**Collected data:**
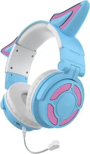 CORN Wireless Bluetooth 5.3 Headset Fox Cat Ear Headphones Luminescence Esports Game Live Big EarMask APP Intelligence Earphones Blue
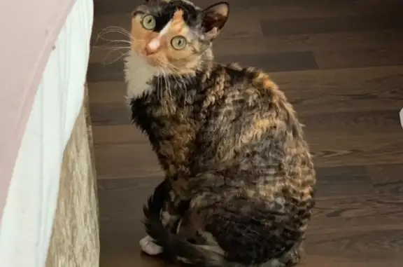 Трёхцветная кошка, розовый ошейник, явно домашняя. Видим её у дома 50,к 1 на Изюмской улице, район Южное Бутово, Москва.
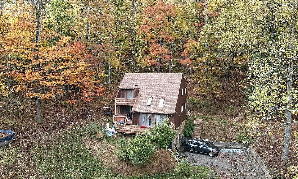 Private and secluded on 3.6 acres, yet close to Rt. 22. This 4br 2 ba two story features vaulted ceiling, skylites, hardwood floors, wood burner in LR and much more. Relax on one of the decks or in the hot tub or sauna. Den on main floor could be 4th bedroom. There is an 11x7 office/den area on the lower level too. Basement is part-finished as an exercise area. The garage is oversized with lots of room for storage. Outdoor storage shed as well.There is a path to a private walking trail and camping area.Property borders wildlife preserve+ Murrysville park.

**Aim of the task:**
While leaving pictures out, reproduce exactly the lines from the beginning of the listing above through the line containing "Трёхцветная кошка, розовый", both ends included.

**Solution for this task:**
 CORN Wireless Bluetooth 5.3 Headset Fox Cat Ear Headphones Luminescence Esports Game Live Big EarMask APP Intelligence Earphones Blue
 Трёхцветная кошка, розовый ошейник, явно домашняя. Видим её у дома 50,к 1 на Изюмской улице, район Южное Бутово, Москва.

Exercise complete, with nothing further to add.